Would you print the records below from the first line through the line containing "首先,由主持人讲解本次比赛的", skipping the pictures?

Segment Start: Information given

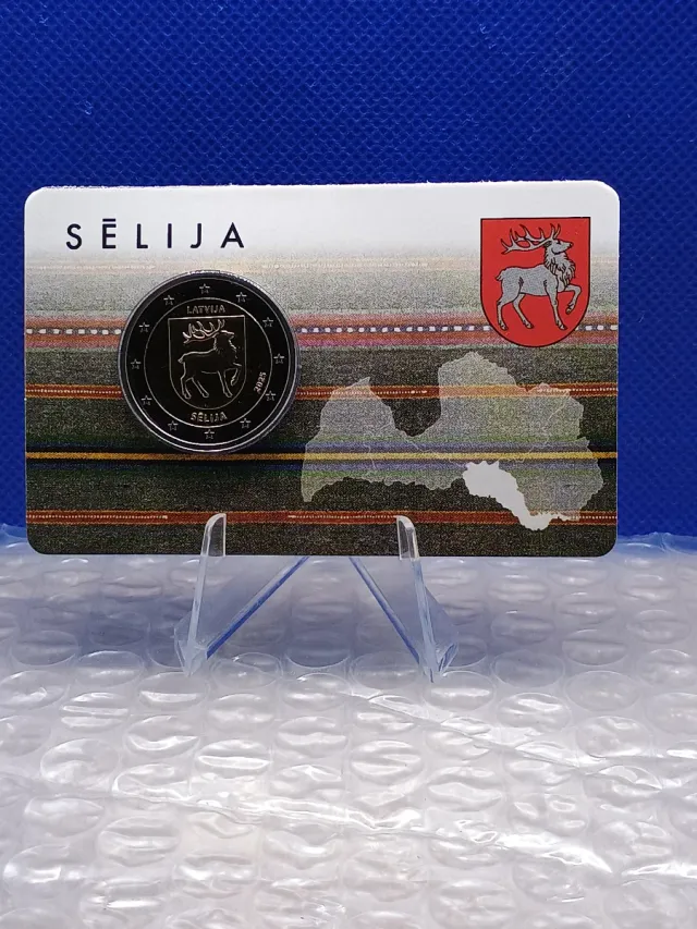Dettagli del prodottoCoincard commemorativa da 2€ della Lettonia, anno 2025, dedicata alla regione di Selija. La moneta presenta un cervo stilizzato, simbolo della regione, e il nome LATVIJA.
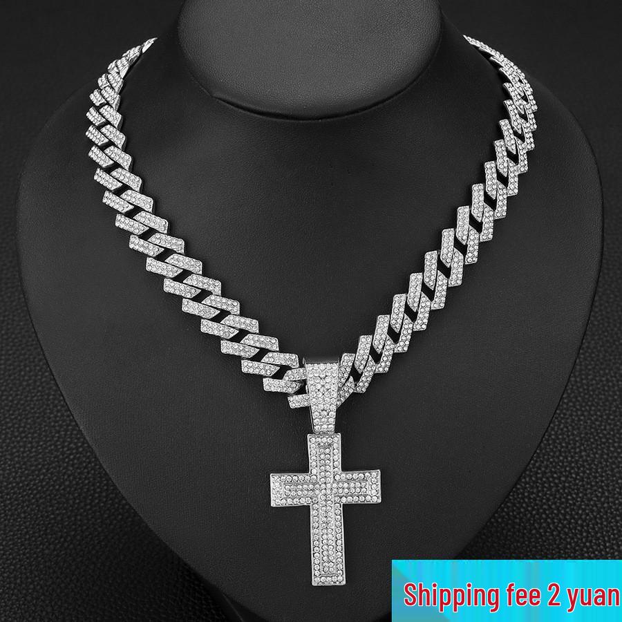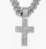 Pánský náhrdelník s křížkem ve tvaru kosočtverce s kubánským řetízkem: Hip Hopová móda se slitinou a designem s plnými diamanty
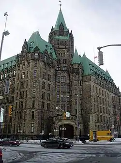 The Confederation Building is a office building in Ottawa, Ontario, Canada. Located just west of the Parliament Buildings at Bank Street and Wellington Street, it is generally considered part of Parliament Hill.
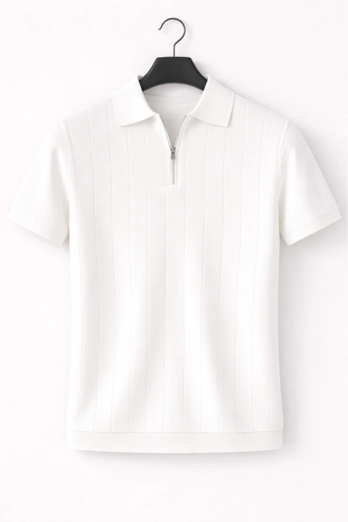 Erkek Polo Yaka Çizgili Triko Tişört Beyaz Cd171
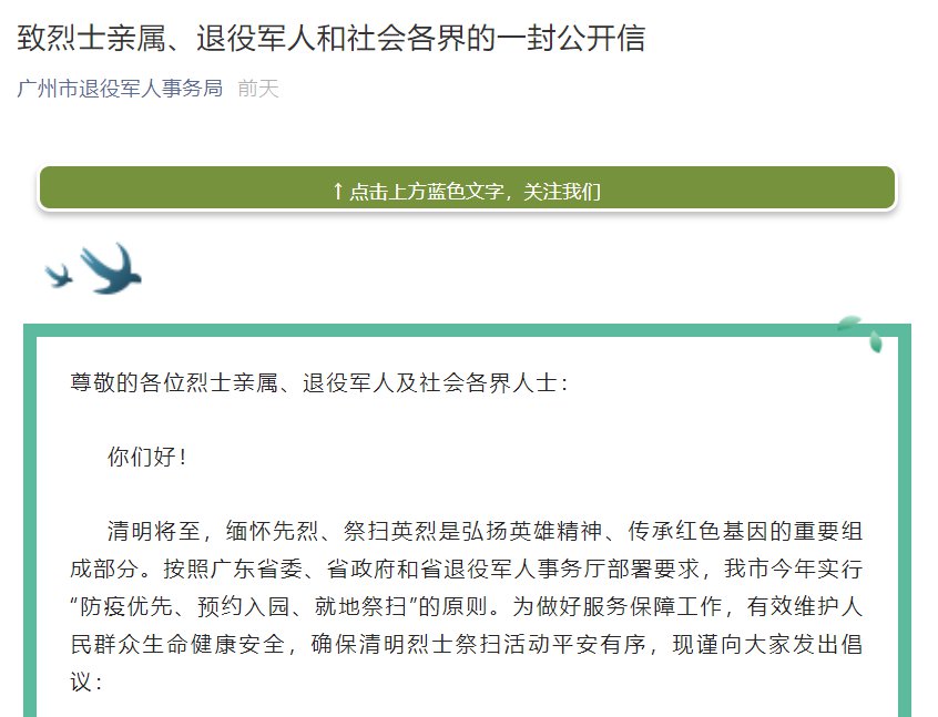 广州市退役军人事务局于2021年3月24日晚发布《致烈士亲属、退役军人和社会各界的一封公开信》,明确广州市今年实行“防疫优先、预约入园、就地祭扫”的原则,清明前后各地退役军人事务部门原则上不组织跨省、跨市异地祭扫活动,鼓励烈士亲属、退役军人和社会各界人士通过就地祭扫、网上祭扫等形式寄托哀思。
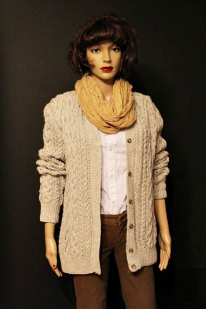 Ciepły sweter vintage robiony ręcznie na drutach na nadchodzącą aurę. Kolor odcień kości słoniowej - delikatny popiel. Ciekawy gruby warkocz. Jest wyjątkowo urokliwy.
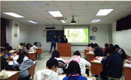 首先,由主持人讲解本次比赛的规则。本次比赛分为初赛和决赛 ,初赛分为个人试卷和小组分答题组成,初赛得分前十六名的选手将进入决赛,决赛得分前四名的将代表纺院进入院赛。
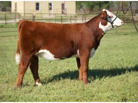 Mariah has written her page in the Hereford history books. She was crowned Grand Champion Horned Hereford Female in Denver as a heifer calf and that isn't her most impressive feat. She has exploded since coming into production. She has placed females in the donor pens of some of the most noted herds in the industry; Hoffman Ranch, Churchill Cattle Co, Frederickson Ranch, Iron Lake Ranch, 6 Mile Creek, Williams Hilltop Herefords among others. She has AI sires in our battery that are making a big impact around the country. She stamps every calf with power, stoutness and elite phenotype. Her females are flawless uddered, feminine made and ultra powerful. At the ripe age of 13, she is still as sound and youthful as when we bought her 10 years ago. She is truly a once in a generation type female.
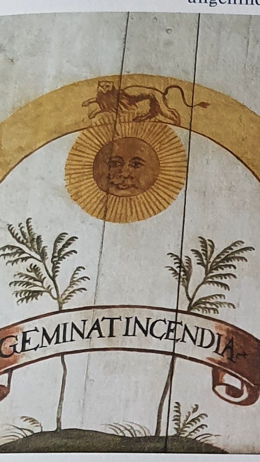 Izdubar had become one with the Sun; like the Sun he now sees all and knows all. (1) Like the Sun, he had made a night journey into the depths of the nadir and has ascended towards the zenith, symbolizing his perpetual renewal. (2) Izdubar now emits a radiant light that Jung’s eyes “cannot grasp.” Jung compares himself to the mother, who had given birth to a god:
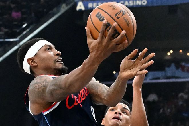 本场比赛中,快船虽然输掉了比赛,但是球队的先发得分后卫布拉德利-比尔(Bradley Beal)的表现还是有些一般的。比尔全场出场20分09秒,投篮8中5,三分线外4中2,罚球2中0,得到了12分1篮板2助攻1抢断的数据,还有3次失误和3次犯规,正负值为-2。比尔在进攻端保持了相当不错的进攻效率,他的得分能力也还是发挥了出来。在出场时间碎片化,战术地位有限且出手次数不多的情况下,比尔还是得到了不少的分数。不仅如此,比尔在防守端的表现也是值得肯定的,他也是有着很高的防守积极性。我们也看得出来,比尔非常努力,也很希望为球队提供更多的支持,也愿意在防守端付出更多的体力,然而在目前这种环境中,在这样的战术安排之下,他确实是很难发挥出自己的特点。

Segment End: Information given

• [Expected answer]
Dettagli del prodottoCoincard commemorativa da 2€ della Lettonia, anno 2025, dedicata alla regione di Selija. La moneta presenta un cervo stilizzato, simbolo della regione, e il nome LATVIJA.
 Pánský náhrdelník s křížkem ve tvaru kosočtverce s kubánským řetízkem: Hip Hopová móda se slitinou a designem s plnými diamanty
 The Confederation Building is a office building in Ottawa, Ontario, Canada. Located just west of the Parliament Buildings at Bank Street and Wellington Street, it is generally considered part of Parliament Hill.
 Erkek Polo Yaka Çizgili Triko Tişört Beyaz Cd171
 广州市退役军人事务局于2021年3月24日晚发布《致烈士亲属、退役军人和社会各界的一封公开信》,明确广州市今年实行“防疫优先、预约入园、就地祭扫”的原则,清明前后各地退役军人事务部门原则上不组织跨省、跨市异地祭扫活动,鼓励烈士亲属、退役军人和社会各界人士通过就地祭扫、网上祭扫等形式寄托哀思。
 Ciepły sweter vintage robiony ręcznie na drutach na nadchodzącą aurę. Kolor odcień kości słoniowej - delikatny popiel. Ciekawy gruby warkocz. Jest wyjątkowo urokliwy.
 首先,由主持人讲解本次比赛的规则。本次比赛分为初赛和决赛 ,初赛分为个人试卷和小组分答题组成,初赛得分前十六名的选手将进入决赛,决赛得分前四名的将代表纺院进入院赛。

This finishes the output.